The SPI Engine implementation imposes certain constraints on the timing of different commands. Each instruction requires some number of cycles to execute, which may depend on the instruction parameters. Additionally, there are delays associated with the internal architecture of the SPI Engine, which become relevant unless we are using the Offload functionality.

Instruction Execution

Every instruction requires 1 cycle minimum for communication between the offload module and the execution module. Additionally, the Chip Select, Sleep, Transfer and Sync instructions require another cycle for checking the idle condition (total 2 fixed delay for these).

The exact values are, counting from the execution module:

Instruction	Cycles
Configuration Write	1 cycle.
Sync	2 cycles.
Chip-select	\(2+ 2t((div+1)2)\). Where \(t\) is the chip select delay parameter on the instruction, and \(div\) is the prescaler register value. The CS value change happens after the first \(2+t((div+1)*2)\) cycles.
Sleep	\(2 + t((div+1)2)\). Where \(t\) is the sleep delay parameter on the instruction, and \(div\) is the prescaler register value.
Transfer	2 cycles, plus the transfer time.

Counting from the execution module means that these values are useful for calculating the delays on the offload case (simply add up each instruction execution time). For other cases, the detailed delays of the architecture are needed.

Detailed Delays

This section lists the delays inside the SPI Engine architecture. To make use of this information, one needs some degree of familiarity with the hdl implementation (knowledge of the sub-modules and the way they communicate).

Offload Module

All the delays measured for this module are in terms of SPI Engine clock cycles.

Trigger input to command valid output: 1 + 1-2(from a 2FF CDC, 0 if not asynchronous) cycles.
Trigger in to sdo_data_valid: 1 + 1-2(from a 2FF CDC, 0 if not asynchronous) cycles.
Maximum command throughput: 1 command per cycle.
sdi_data_valid to offload_sdi_valid: 0 cycles.

Interconnect Module

All the delays measured for this module are in terms of SPI Engine clock cycles.

The interconnect will only accept one manager at a time, and will wait until a sync handshake back to the manager is completed to free the channel.

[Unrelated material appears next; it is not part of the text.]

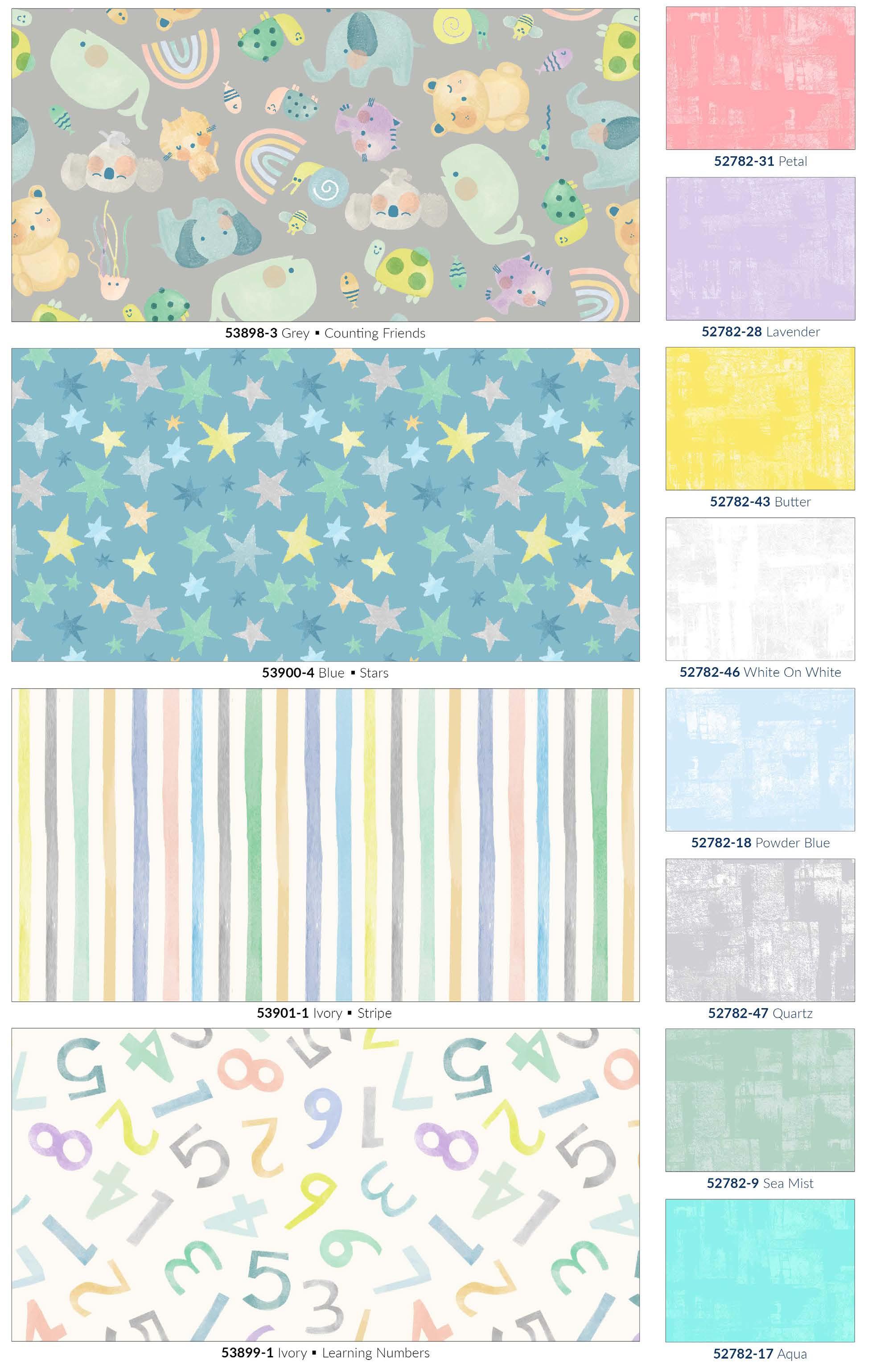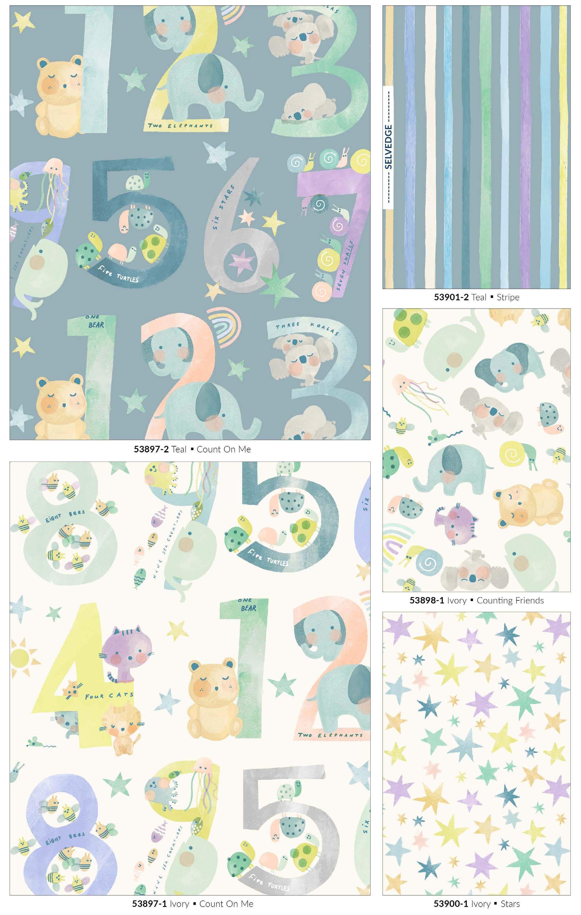 Craft with love for the little ones in your life with Count on Me. This delightful baby collection features cute and cuddly animals, magical stars, painterly stripes, adorable number prints all in a soft and muted palette. The precious assortment is rounded out with a milestone mat - perfect for lovingly capturing a baby’s first year.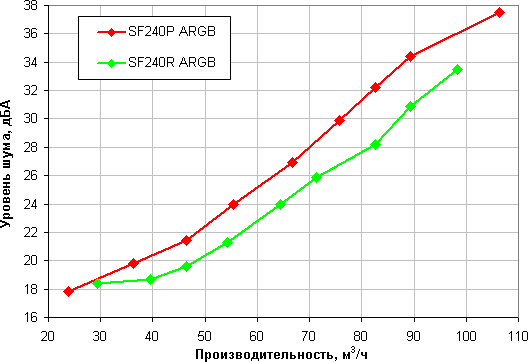 Отметим, что замеры уровня шума в отличие от определения производительности выполнялись без аэродинамической нагрузки, поэтому скорость вращения вентилятора SF240P ARGB была существенно выше (примерно на 15%) во время измерения шума при тех же входных параметрах. Для компенсации этого мы выполнили пересчет производительности к тем скоростям, что были измерены при замере уровня шума. В случае SF240R ARGB этого не потребовалось, так как в нем есть стабилизация скорости вращения (см. выше). Чем ниже и правее находится точка на графике выше, тем лучше вентилятор — работает тише, дует сильнее. Видно, что при сравнении двух вентиляторов на большей части диапазона SF240R ARGB ведет себя чуть хуже — больше шумит при той же производительности.

Command valid input to command valid output (s0/s1 to m): 1 cycle if idle, 0 if already “owned” by the source (s0 or s1).
Sync valid from m side to s0/s1 sync valid (back to originating manager): 0 cycle.
Sync ready to idle (delay after finishing transaction response): 1 cycle
Thus, 2 cycles per command minimum if changing managers, 3 if accounting for sync (this is the worst case).
1 cycle per command (can accept back to back) if from same manager.
Thus, \(2+N_{cmd}\) minimum cycles per \(N_{cmd}\) “burst” from same source.
s0/s1_sdo_valid to m_sdo_valid: 0 if already “owned” by the source (s0 or s1). Otherwise has to wait until s0/s1 owns the channel.
m_sdi_valid to s0/s1_sdi_valid: 0 if already “owned” by the sink (s0 or s1). Otherwise has to wait until s0/s1 owns the channel.

Execution Module

All the delays measured for this module are in terms of SPI Engine clock cycles. See above: Instruction Execution

Every instruction requires 1 cycle minimum for communication between the Offload Module and the Execution Module. Additionally, the Chip Select, Sleep, Transfer and Sync instructions require another cycle for checking the idle condition (total 2 fixed delay for these).
- Chip Select, Sleep and Transfer have additional cycle requirements due to intentional delays in execution. This is better detailed at Instruction Execution.
SDI data delay: 0 cycles (sdi_data_valid arrives at the same cycle as the Transfer instruction finishes and the next command is accepted).

AXI Module

AXI transaction to take effect internally: 1 (AXI clock).
- Meaning: if counting delay to other parts of the design (e.g. command fifo), this is the AXI delay. Other AXI delays affect only AXI throughput, creating backpressure for the AXI manager.
Throughput: 4 cycles (AXI clock) per transaction.
Command FIFO delay: depends on parametrization:
- Synchronous, 1 deep: 1 clk (AXI clock = SPI Engine clock).
- Asynchronous, 1 deep: 1 (AXI clock), + 1-2 (SPI Engine clock) (2FF CDC) input to output; + 1-2 (AXI clock) (2FF CDC) until ready to accept next.
- Asynchronous, true FIFO: 2 (AXI clock) (mem write + bin2gray addr), + 1-2 (SPI Engine clock) (2FF CDC), + 2 (SPI Engine clock) (gray2bin + valid) .
AXI transaction start to command valid (total for async FIFO case): 3 AXI clock + 3-4 SPI Engine clock.
SDO Data FIFO delay: same as Command FIFO.
SDI Data FIFO delay: depends on parametrization:
- Synchronous, 1 deep: 1 clk (AXI clock = SPI Engine clock).
- Asynchronous, 1 deep: 1 (SPI Engine clock), + 1-2 (AXI clock) (2FF CDC) input to output; + 1-2 (SPI Engine clock) (2FF CDC) until ready to accept next.
- Asynchronous, true FIFO: 2 (SPI Engine clock) (mem write + bin2gray addr), + 1-2 (AXI clock) (2FF CDC), + 2 (AXI clock) (gray2bin + valid) .